- [RECORDS PROVIDED]:
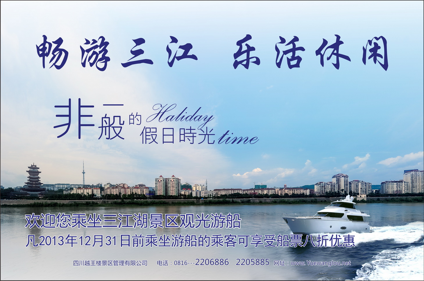 ??? 三江湖游船已于2013年8月30日完成首航,,,,,,,,并正式对外开放谋划,,,,,,,,为使宽大市民和游客更好地明确三江景物、感受三江文化,,,,,,,,凡2013年12月31日前乘坐游船的旅客均可享受船票8折优惠。。。。。
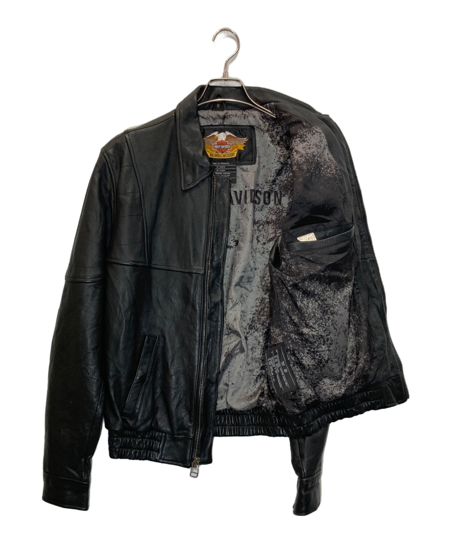 • HARLEY-DAVIDSON(ハーレーダビッドソン)HARLEY-DAVIDSON (ハーレーダビッドソン) 襟付きレザージャケット ブラック サイズ:Sの古着・服飾アイテム 金具ヨゴレ有
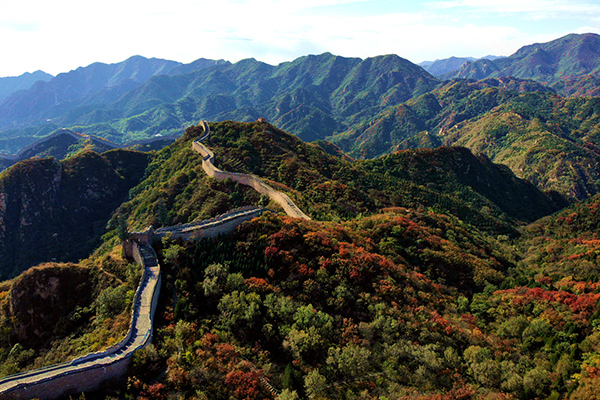 雄伟的万里长城在满山红叶的映衬下,壮美如画。新华社发 王铁忠 摄
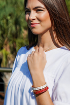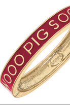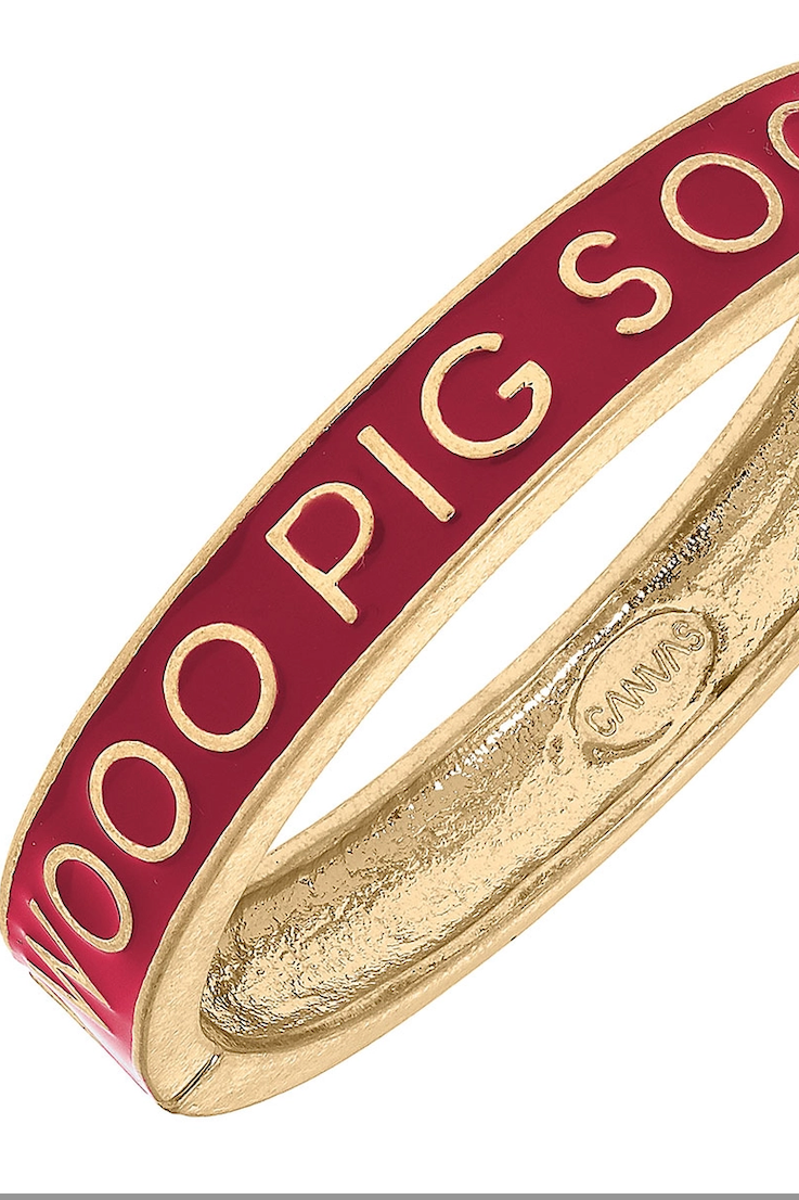 Add a splash of team spirit to your game day outfit with the Arkansas Razorbacks Enamel Hinge Bangle. It features an enamel material with worn gold plating and the Arkansas Razorbacks hog call “Wooo Pig Sooie” embossed around the bangle. Wear one, or build a stack with our other enamel bangle styles or Enamel Claudia bangle
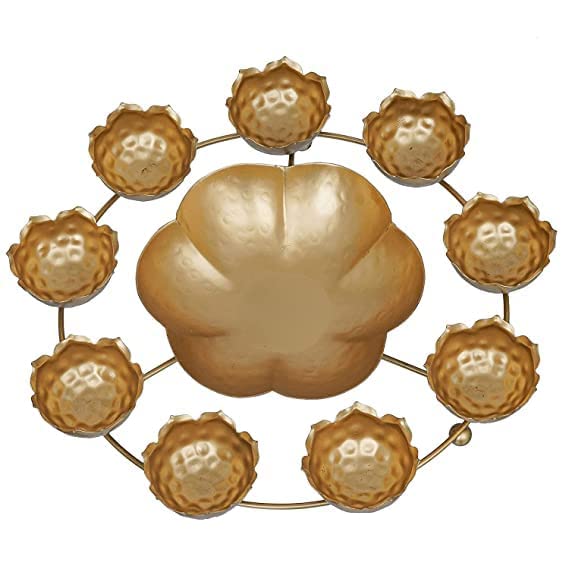 Nex Overseas Metal Bowl Shaped Urli For Diwali Home Decor Gifting Showpiece (Size : 11 Inches) - Golden, 400 ML

- [WORK TO BE COMPLETED]:
Output verbatim the lines beginning at the line with "Add a splash" and ending at the last line of the material above, inclusive. Do not carry over any pictures.

- [TASK ANSWER]:
 Add a splash of team spirit to your game day outfit with the Arkansas Razorbacks Enamel Hinge Bangle. It features an enamel material with worn gold plating and the Arkansas Razorbacks hog call “Wooo Pig Sooie” embossed around the bangle. Wear one, or build a stack with our other enamel bangle styles or Enamel Claudia bangle
 Nex Overseas Metal Bowl Shaped Urli For Diwali Home Decor Gifting Showpiece (Size : 11 Inches) - Golden, 400 ML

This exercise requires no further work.